Given data Start Marker

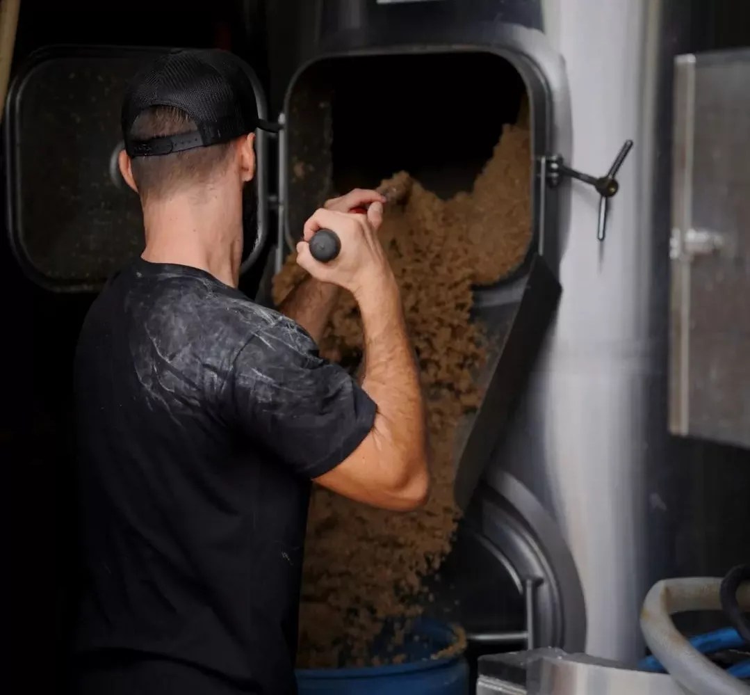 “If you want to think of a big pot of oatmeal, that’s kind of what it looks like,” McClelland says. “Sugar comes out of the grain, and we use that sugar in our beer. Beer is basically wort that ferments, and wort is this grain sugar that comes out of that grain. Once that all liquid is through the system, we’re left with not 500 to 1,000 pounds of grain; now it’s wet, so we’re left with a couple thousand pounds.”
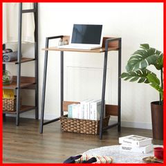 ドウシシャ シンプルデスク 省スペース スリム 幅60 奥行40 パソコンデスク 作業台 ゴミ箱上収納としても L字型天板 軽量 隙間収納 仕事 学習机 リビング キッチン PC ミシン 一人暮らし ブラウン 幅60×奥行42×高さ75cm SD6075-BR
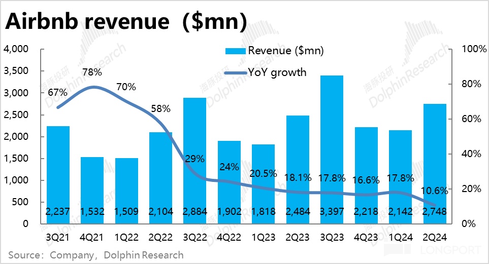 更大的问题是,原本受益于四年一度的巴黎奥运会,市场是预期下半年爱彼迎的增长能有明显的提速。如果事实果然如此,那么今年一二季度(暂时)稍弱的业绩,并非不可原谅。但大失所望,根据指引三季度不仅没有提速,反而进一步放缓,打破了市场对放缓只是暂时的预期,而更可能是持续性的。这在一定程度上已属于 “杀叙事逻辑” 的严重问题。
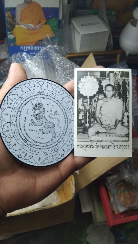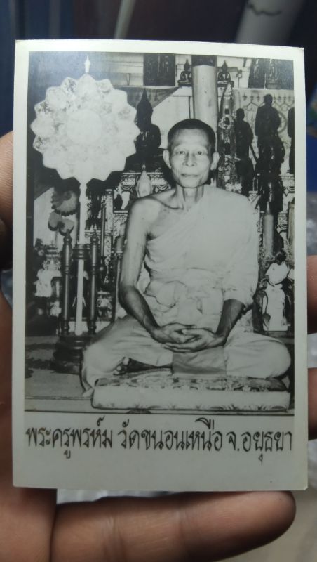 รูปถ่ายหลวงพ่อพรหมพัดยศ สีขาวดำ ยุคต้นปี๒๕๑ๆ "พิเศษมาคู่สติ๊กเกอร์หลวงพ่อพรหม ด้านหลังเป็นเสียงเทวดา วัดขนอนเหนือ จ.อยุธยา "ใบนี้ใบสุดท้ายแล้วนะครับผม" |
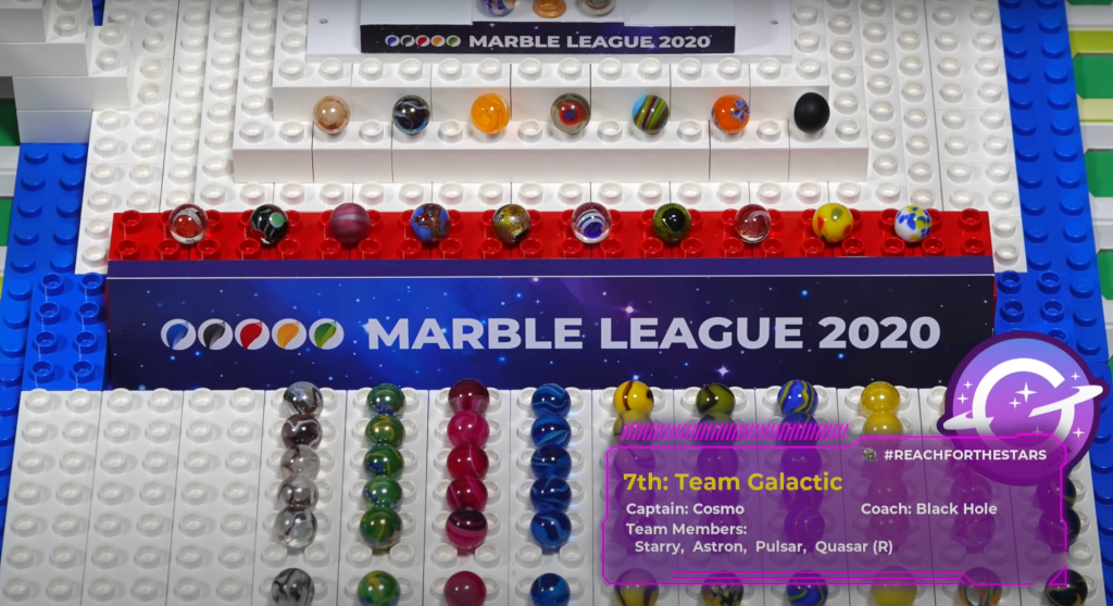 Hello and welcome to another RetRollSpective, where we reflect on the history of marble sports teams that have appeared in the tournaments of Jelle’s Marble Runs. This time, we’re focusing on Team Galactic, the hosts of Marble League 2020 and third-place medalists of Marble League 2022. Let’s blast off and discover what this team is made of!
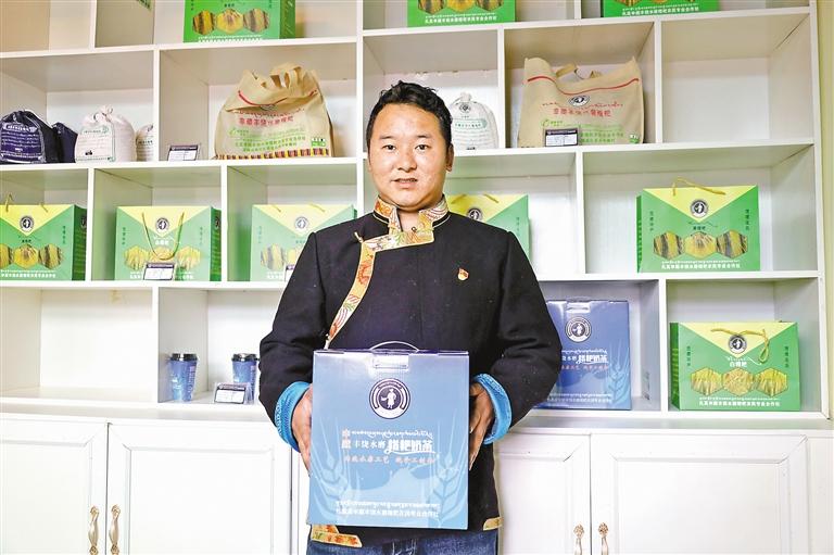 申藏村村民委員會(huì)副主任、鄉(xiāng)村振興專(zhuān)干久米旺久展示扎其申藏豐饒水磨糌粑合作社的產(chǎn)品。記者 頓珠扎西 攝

Given data End Marker

Would you please reproduce verbatim the run of lines that opens the listing and ends with the line holding "รูปถ่ายหลวงพ่อพรหมพัดยศ สีขาวดำ ยุคต้นปี๒๕๑ๆ", and only that run, leaving every picture out?

**Answer below**
 “If you want to think of a big pot of oatmeal, that’s kind of what it looks like,” McClelland says. “Sugar comes out of the grain, and we use that sugar in our beer. Beer is basically wort that ferments, and wort is this grain sugar that comes out of that grain. Once that all liquid is through the system, we’re left with not 500 to 1,000 pounds of grain; now it’s wet, so we’re left with a couple thousand pounds.”
 ドウシシャ シンプルデスク 省スペース スリム 幅60 奥行40 パソコンデスク 作業台 ゴミ箱上収納としても L字型天板 軽量 隙間収納 仕事 学習机 リビング キッチン PC ミシン 一人暮らし ブラウン 幅60×奥行42×高さ75cm SD6075-BR
 更大的问题是,原本受益于四年一度的巴黎奥运会,市场是预期下半年爱彼迎的增长能有明显的提速。如果事实果然如此,那么今年一二季度(暂时)稍弱的业绩,并非不可原谅。但大失所望,根据指引三季度不仅没有提速,反而进一步放缓,打破了市场对放缓只是暂时的预期,而更可能是持续性的。这在一定程度上已属于 “杀叙事逻辑” 的严重问题。
 รูปถ่ายหลวงพ่อพรหมพัดยศ สีขาวดำ ยุคต้นปี๒๕๑ๆ "พิเศษมาคู่สติ๊กเกอร์หลวงพ่อพรหม ด้านหลังเป็นเสียงเทวดา วัดขนอนเหนือ จ.อยุธยา "ใบนี้ใบสุดท้ายแล้วนะครับผม" |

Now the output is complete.